In April 1898, the Mazzatini brothers made their first request to erect a building for Jai Alai and was approved, the Cuban War of Independence, however, delayed the process. In 1900 the Mazzatini brothers returned to the project, this time they received all the facilities from the municipal government, leaving the final approval of said approval in the hands of Colonel of the North American Army of intervention Dudley. The Havana Jai Alai Fronton, promoted by the Mazzantini brothers, was inaugurated in 1901 through their lawyer Basilio Sarasqueta with the support of Spanish fans.
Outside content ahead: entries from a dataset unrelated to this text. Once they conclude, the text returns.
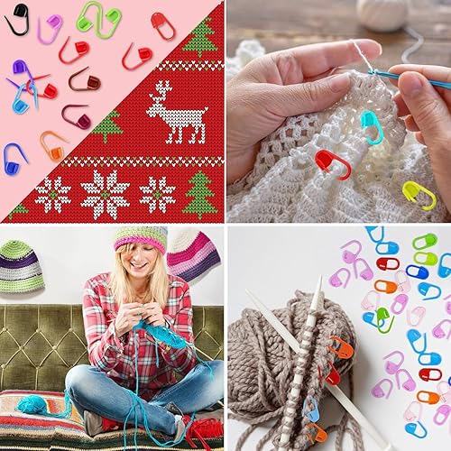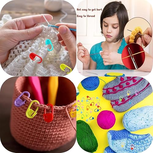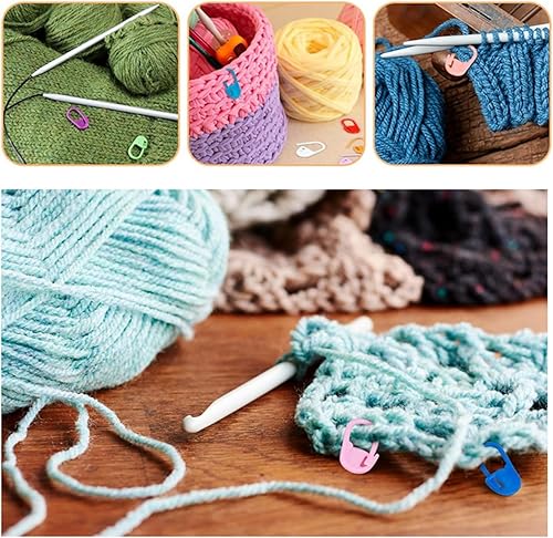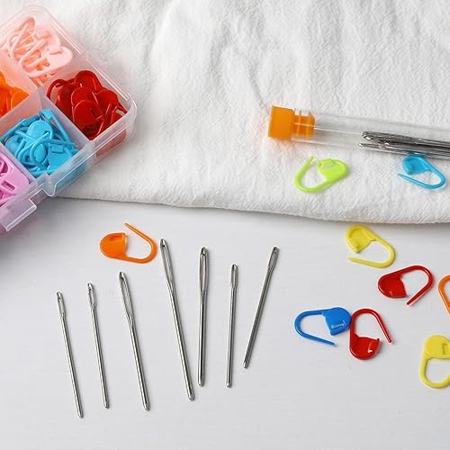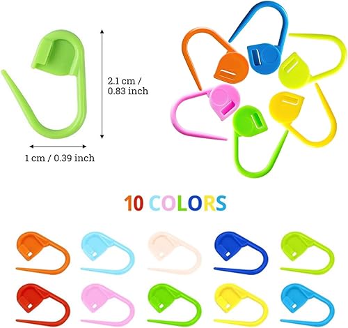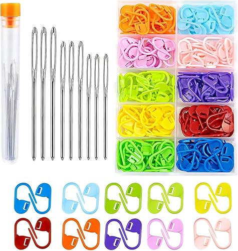 FLZONHUT 120 Pièces Marqueur Tricot,10 Couleurs Marqueur Crochet avec 9 Aiguilles à Coudre à Gros Chas,Marqueurs de Mailles Pinces de Verrouillage en Plastique pour Couture,Tricot,Bricolage,Artisanat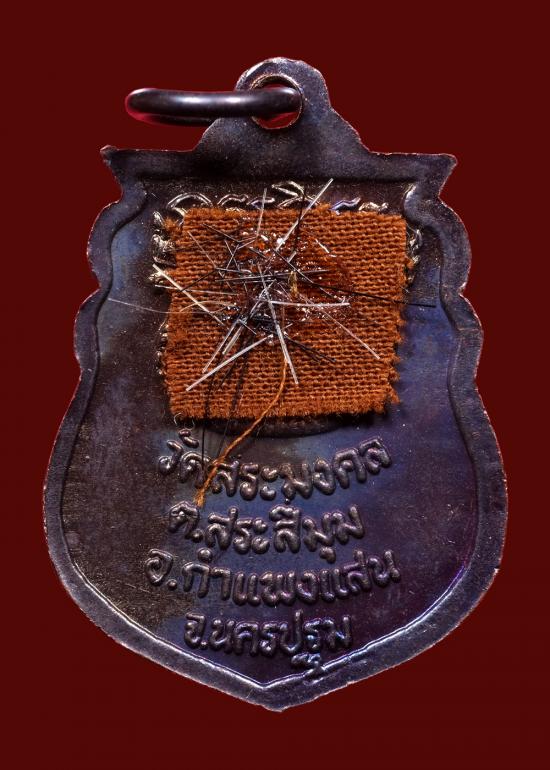 เหรียญเสมา รุ่นแรก หลวงปู่มหาเจิม วัดสระมงคล จ.นครปฐม เนื้อทองแดง ด้านหลังติดจีวร+เกศา ปี 2549 แดงเคาะแรก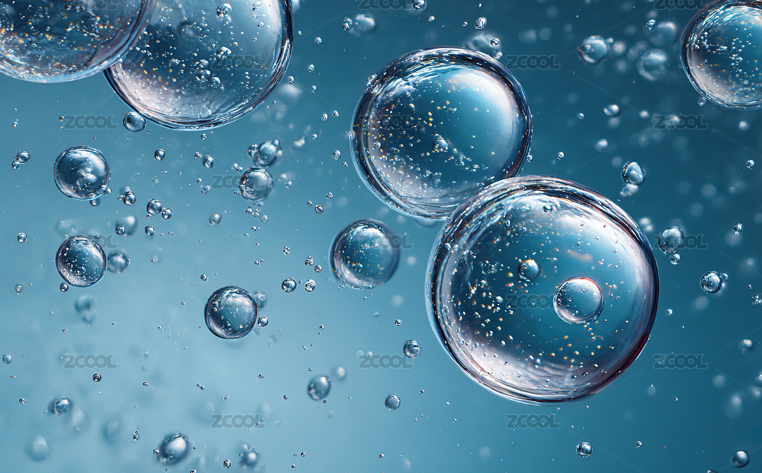 化妆品保湿水分子精华液体气泡背景3d渲染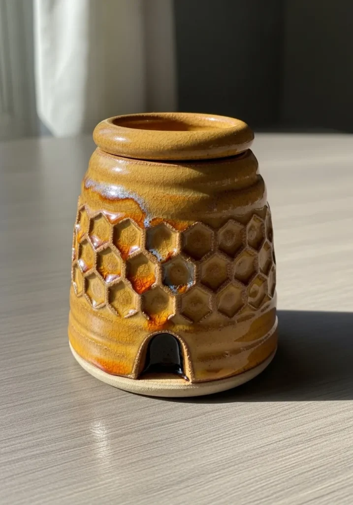 This small cylindrical holder features raised honeycomb textures wrapping around the surface. The glaze blends warm golden amber tones that settle into the hexagon details, creating depth and shine. A tiny arched opening at the base adds character and lets candlelight glow through. It feels cozy and beautifully detailed.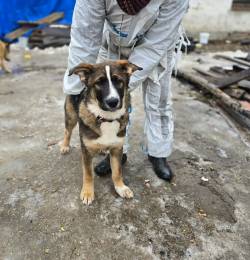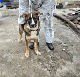 Ищет дом щенок Дунай - ласковый малыш с очаровательной полосочкой на мордочке и немного вьющейся шёрсткой.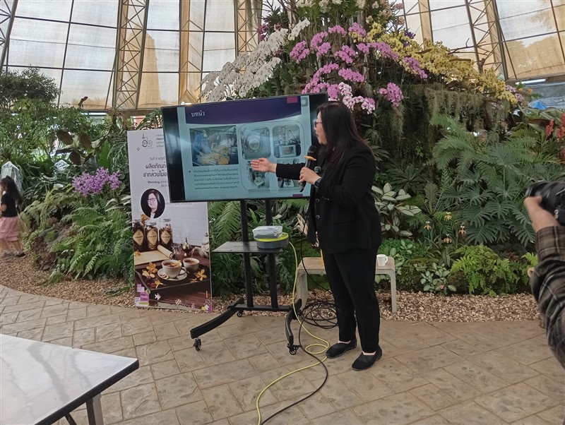 กิจกรรมในครั้งนี้ได้รับเกียรติจาก ผู้ช่วยศาสตราจารย์ ดร.กาญจนา นาคประสม คณบดีคณะวิศวกรรมและอุตสาหกรรมเกษตร เป็นวิทยากรให้ความรู้ด้านการพัฒนาผลิตภัณฑ์ชาสมุนไพรและชากล้วยไม้ดอกเอื้องคำ พร้อมสาธิตกระบวนการผลิตและเทคนิคการชงชาเพื่อสุขภาพ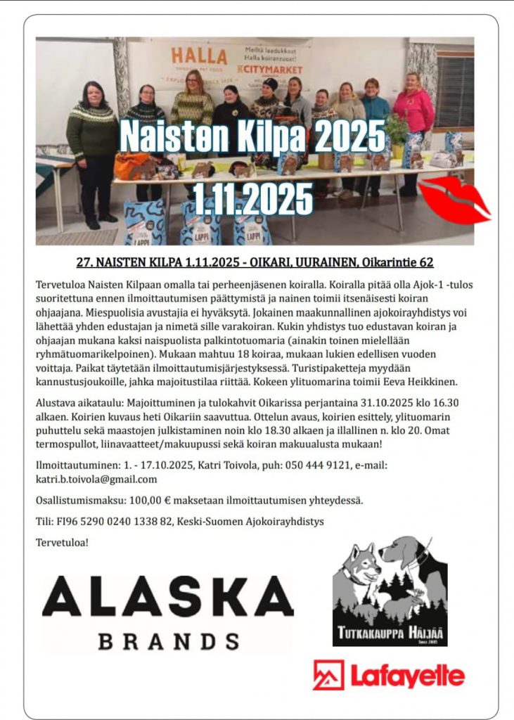 Hakuaika käynnissä vielä muutaman päivän. Haku auki 15.10.25 asti. Kerhon hallitus valitsee edustajan Naisten Kilpaan. Kerho maksaa ilmoittautumismaksun, myös tuomareiden haussa voidaan auttaa.
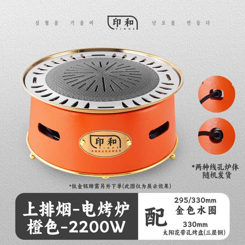 - Grill/pan specifications: Orange - Top exhaust electric grill (with 330MM three-layer steel sunflower with holes grill pan)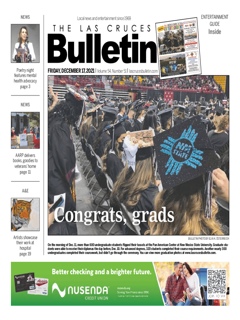 Newswoman news and entertainment since 1969ENTERTAINMENT GUIDEInsidePoetry night features mental health advocacy page 3FRIDAY, DECEMBER 17, 2021, I Volume 54, Number 51 I lascrucesbulletin.comNEWSAARP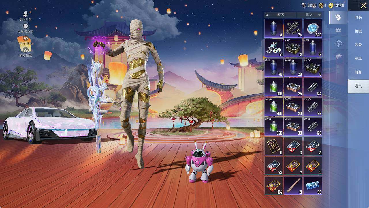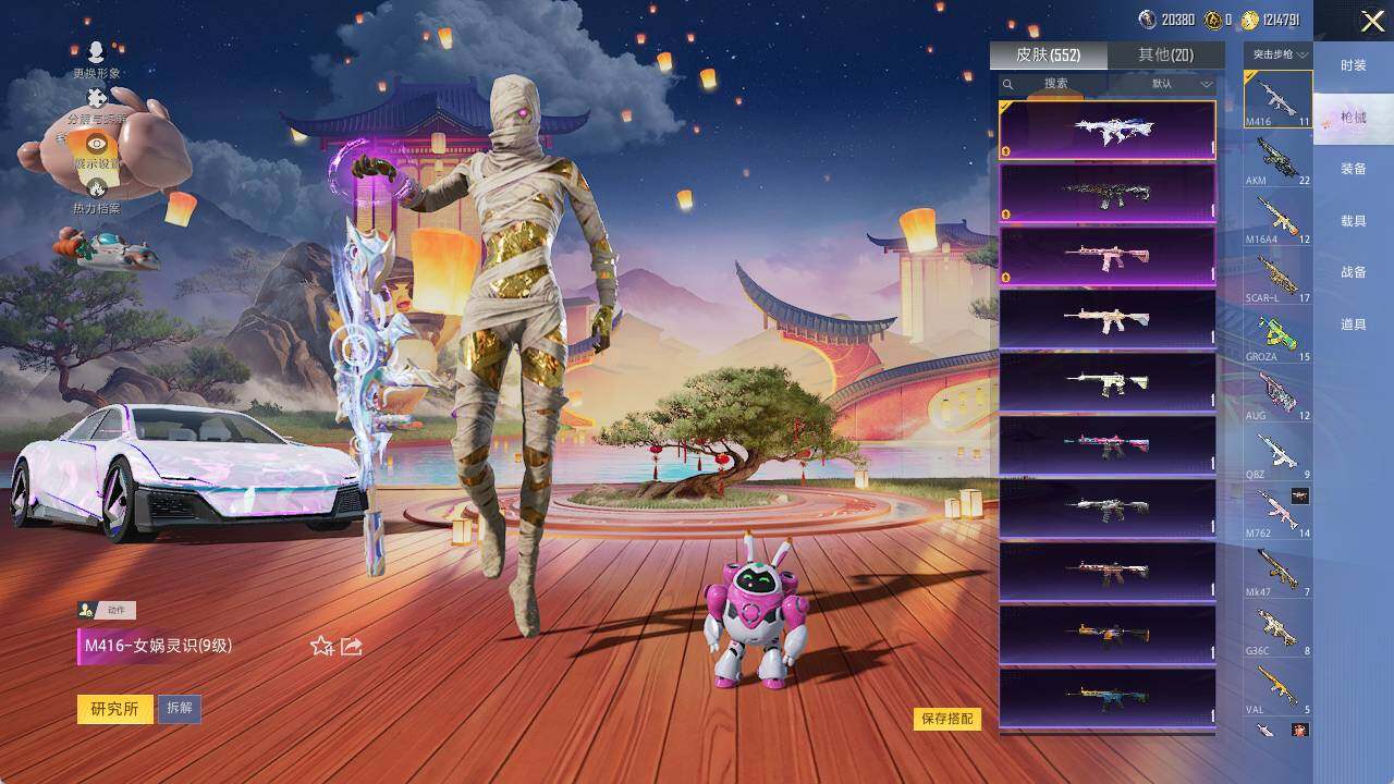 AKM-甜心宝贝,AKM-星际浪客,AKM-幽焰骑士,M16A4-垂柳戏鸭,SCAR-L-甜梦小狐,SCAR-L-金蛇镇世,M416-心之恋语,M416-墨龙九天,M416-女娲灵识,GROZA-香水柠檬,AUG-星之彼岸,AUG-超新星,P90-沙丘之主,Kar98K-巳巳如意,Kar98K-圣域龙灵,M24-莲影清波,M24-镜域双华,M417-第五大道,DP-28-千金淑猫,爆炸猎弓-拳皇·狂花道,平底锅-林间仙鹿,平底锅-仲夏莫吉托,烟雾弹-猫咪绅士,破片手榴弹-粉粉猫爪

The military man refused up to 3 times, stating that it was impossible for him to sign a ten-year contract that would assign civil government land for private use.
 On March 3, 1901, the Jai Alai frontón was inaugurated on a plot of land bounded by the Calles Concordia y Lucena.

=="El Palacio de los Gritos"==
Was the name by which the fans, and the rest of the population of Havana, knew the fronton of Jai-Alai, on the other hand, the players called it "El Matadero" (the killing field), because of how extreme it was to play there; the level and pressure were so high that for years it was considered the center of Basque pelota in America.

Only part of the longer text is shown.